In this sense, our question tonight means, Is science killing soulfulness? Is it killing esthetic sensitivity, artistic sensibility, creativity? The answer to this question, Is science killing Soul Two?, is a resounding No.
The very opposite is the case. But it is a question worth pursuing, because there have been many people, from genuinely great poets all the way down to Brian Appleyard and Fay Weldon, who've given a strong Yes answer to the question, Is science killing the soul? It's Soul Two that Keats and Lamb meant when they thought that Newton had destroyed all the poetry of the rainbow when he unwove it.
So when discussing the Mind and Soul, like your search for absolute truth you will find a kind of dual meaning (upper and lower case) that is no accident because it overlaps in a kind of pernicious and all pervasive, if not ubiquitous duality for meaning that can almost always be demonstrated in this upper and lower case manner. But it is also completely interwoven in the elemental aspects of the debate over the existence of *souls* *God* the *Universe* and virtually all *absolutes* by definition.
If Soul 1 as Dawkins calls it is essentially the mind by a different name then it is no mere coincidence that the mind invents Soul 2 so as to better gain an objective reference point in order to perceive what it desires to qualify as *objective* or *absolute* truth.

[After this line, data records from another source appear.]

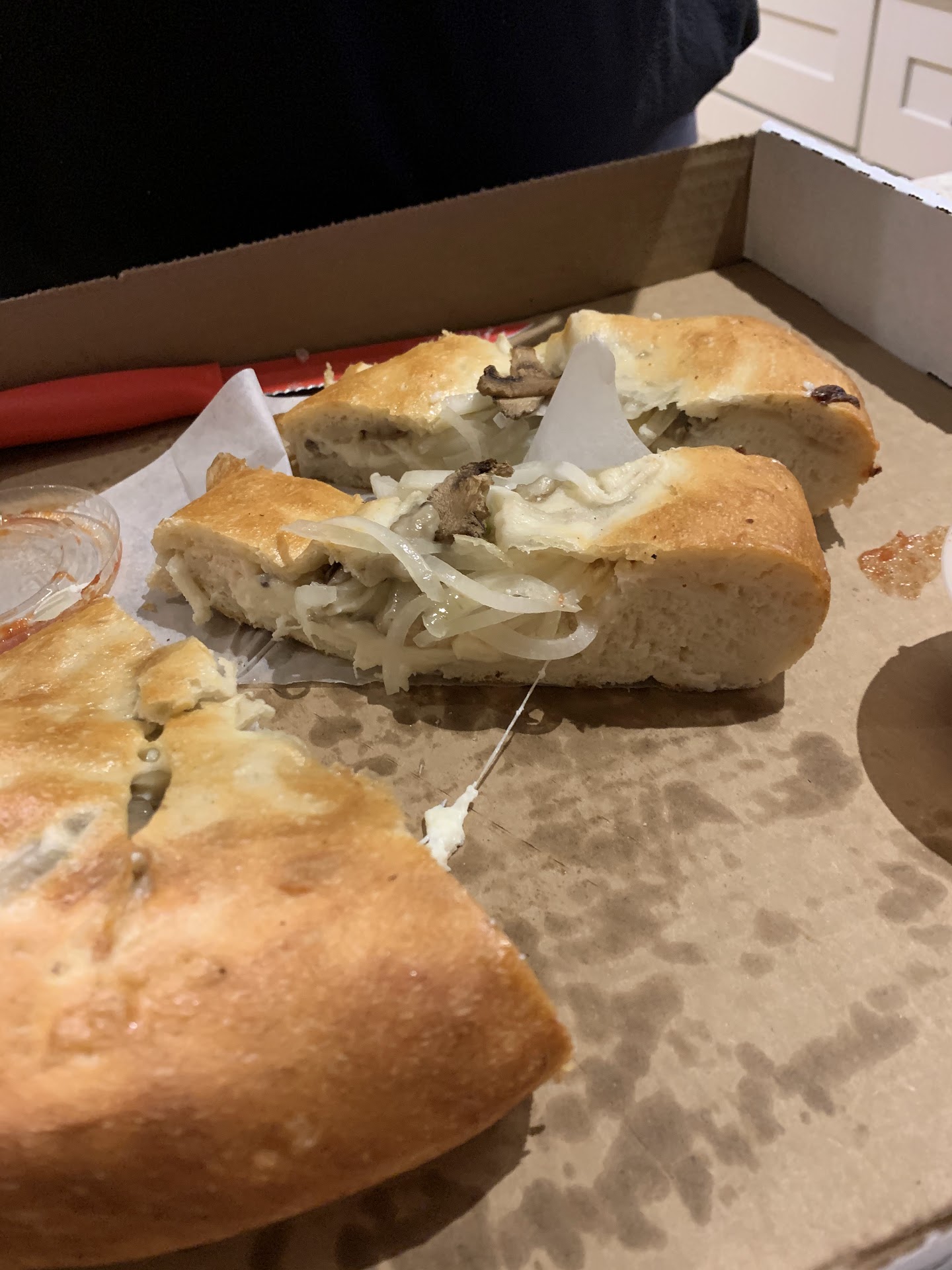 When I got home and opened it all up I immediately sampled the fried mushrooms, and like a can of Pringles, I could not stop. I stood there in my kitchen, still in my monkey suit, just chowing down on those mushrooms without a care in the world. I might have been a little hungry, but those mushrooms were excellent. And speaking of excellent, that RRP Chicken Pizza, woozier! Some pizzas just feel like the components are laying on top of each other, like they are repelling one another, but this pizza, this pizza was hugging itself. The roasted red peppers were as if they homogenized with the cheese, the cheese fused with the bread, the bread had a crispy exterior with a firm build. Every bite had zero toppings or cheese falling off, no mess, all happy. Sadly the salad was found lacking, a bit sour, that Italian dressing was the wrong call for the greens included.
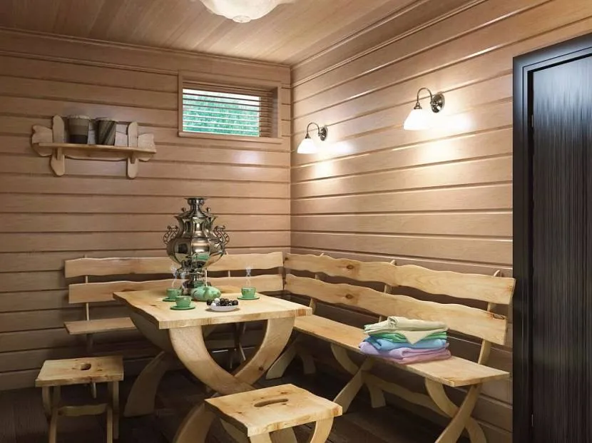 Баня – место, прежде всего, отдыха, поэтому динамичные формы и яркие цвета из интерьера лучше исключить. Обще правило – уютно, спокойно, без ненужных аксессуаров.
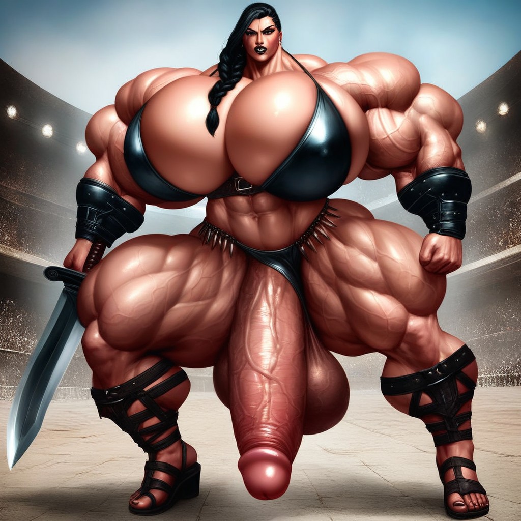 Holding Sword, Hyper Massive Muscles, Vascularity Транссексуалы AI порно
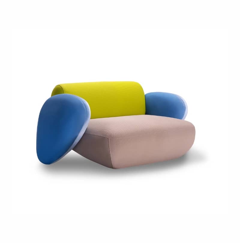 Playful, colorful, and full of pop spirit. Ciottolino features generous, padded forms reminiscent of smooth pebbles. A laid-back lounge chair that brings comfort, freshness, and a vibrant attitude.
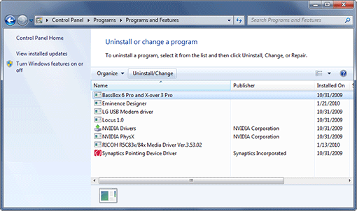 A list of the programs installed on your computer should appear as shown below. Select BassBox 6 Pro and X•over 3 Pro from the list and click on the "Uninstall/Change" button at the top of the list. Note: If only one program was installed, then select it (BassBox 6 Pro, BassBox 6 Lite or X•over 3 Pro).
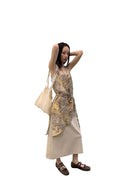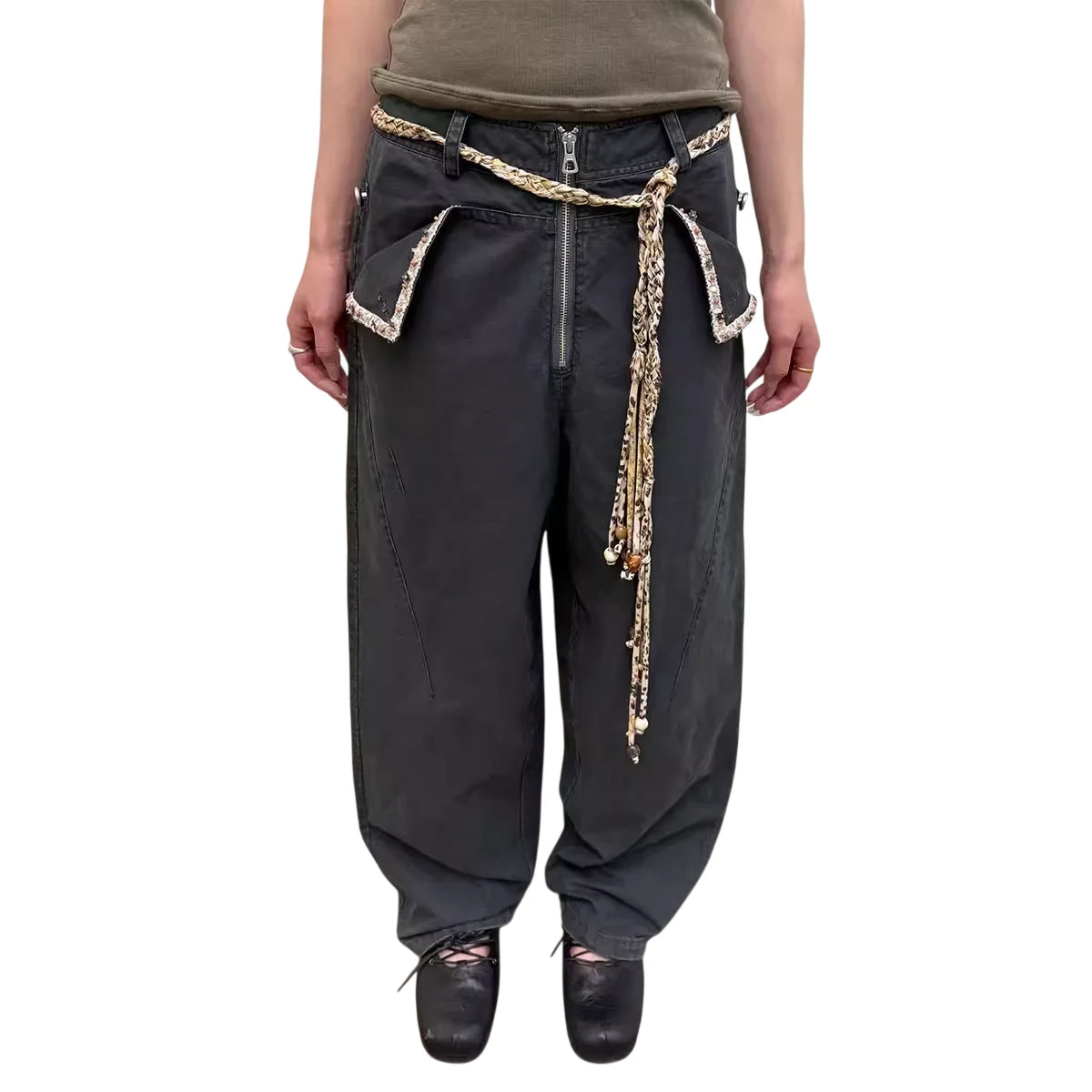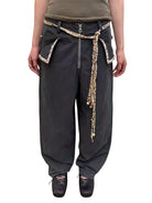 This handcrafted braided waist belt features intricate beadwork and metallic accents, offering a stylish and bohemian touch to any ensemble. Designed to be worn as an accessory over pants or dresses, this rope-style belt is tied loosely at the waist for a relaxed yet chic look. Ideal for women seeking unique and artisanal fashion details.
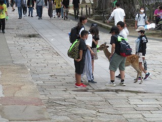 子どもたちが、楽しみにしていたことの一つに、鹿との触れ合いがありました。鹿せんべいを買って、鹿がいる方向に向かって、かけていく子もいました。かわいい鹿ですが、いざ鹿せんべいに向かって近づいてくると・・・びっくりしている子もいましたね。
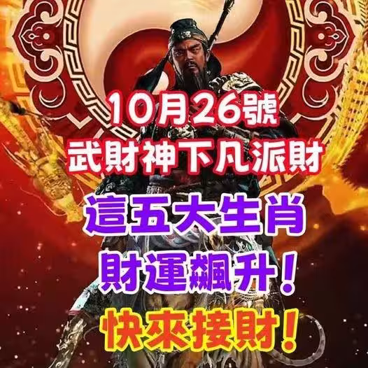 10月26號,武財神下凡派財,這五大生肖財運飆升!快來接財
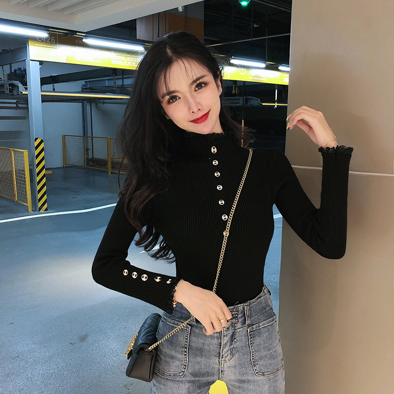 黑色打底衫女秋冬2019新款半高領長袖花邊修身顯瘦針織毛衣上衣潮1入
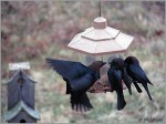 The flock was approximately a couple of hundreds birds. Some stayed perched on the tree branches and other landed near the feeders.
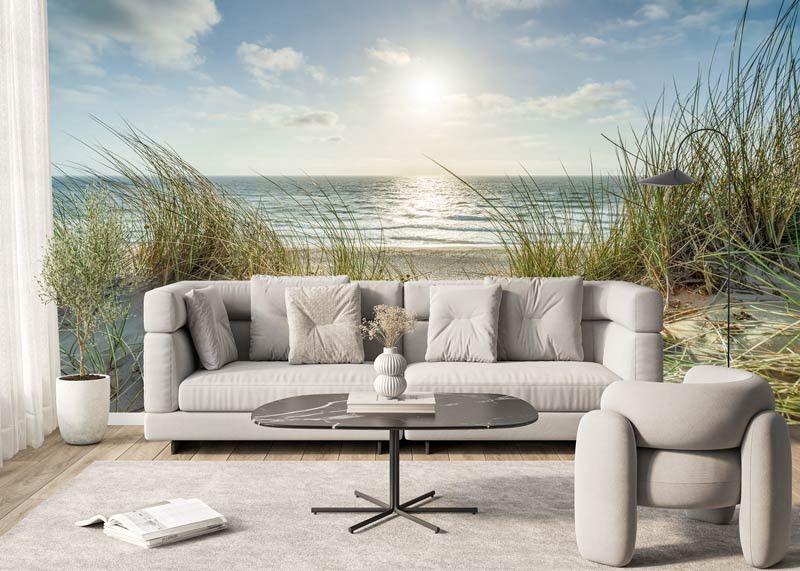 Je bestelt dit fotobehang eenvoudig op maat door jouw maten in te voeren en zelf het mooiste deel van de afbeelding te selecteren. Dankzij de hoogwaardige kwaliteit blijven de kleuren intens en komen alle details van strand, zee en duinen prachtig tot leven.
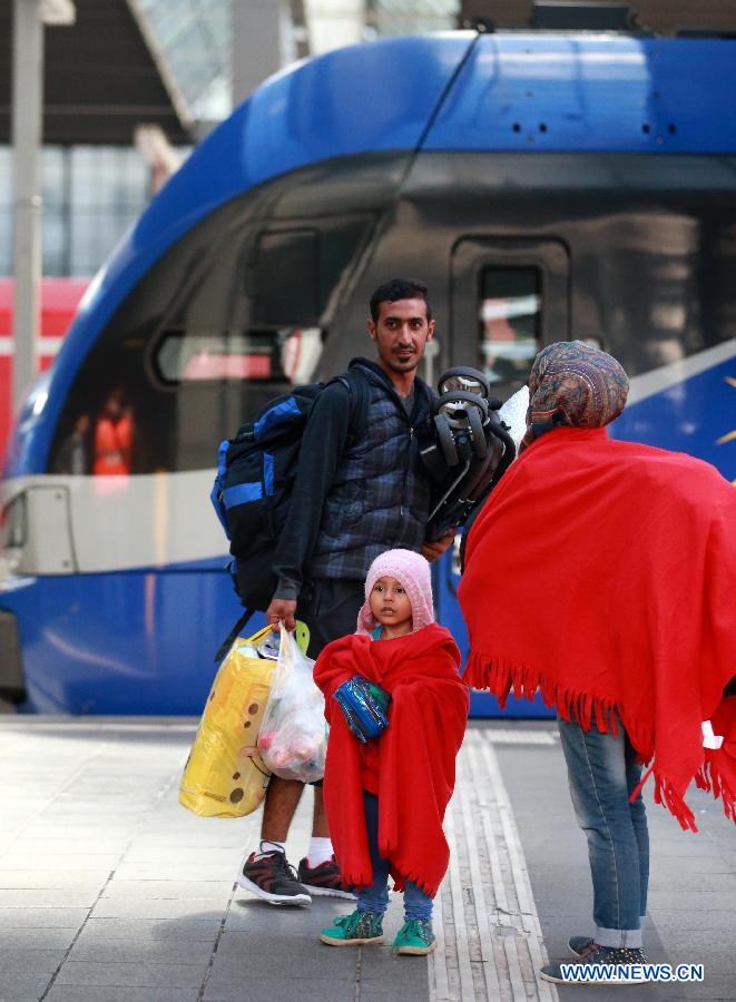 MUNICH, 6 septembre (Xinhua) -- Quelque 3.700 réfugiés sont arrivés samedi à Munich par le train en provenance de Hongrie alors que 3.000 autres devaient y parvenir plus tard.

The rational mind may need such validation for a kind psychological *triangulation* of the aspects for *self definition* and regardless of whether it exists I suspect we would seek to invent the idea of absolute truth. However this may also be why unraveling the meme of religion is so vital to understanding evolutionary psychology and why religion can go from being a kind of *prosthetic conceptual device* promoting cognitive development to a crutch impeding it, as many become dependent on *fundamental* models that have not adapted to integrate an expanding database of knowledge and ideas.
Sorry about the lengthy response but this overlaps a paper I am writing and I decided to present the thoughts in whole cloth rather than snippets.
Edited by Lazarus Long, 07 April 2005 - 04:36 AM.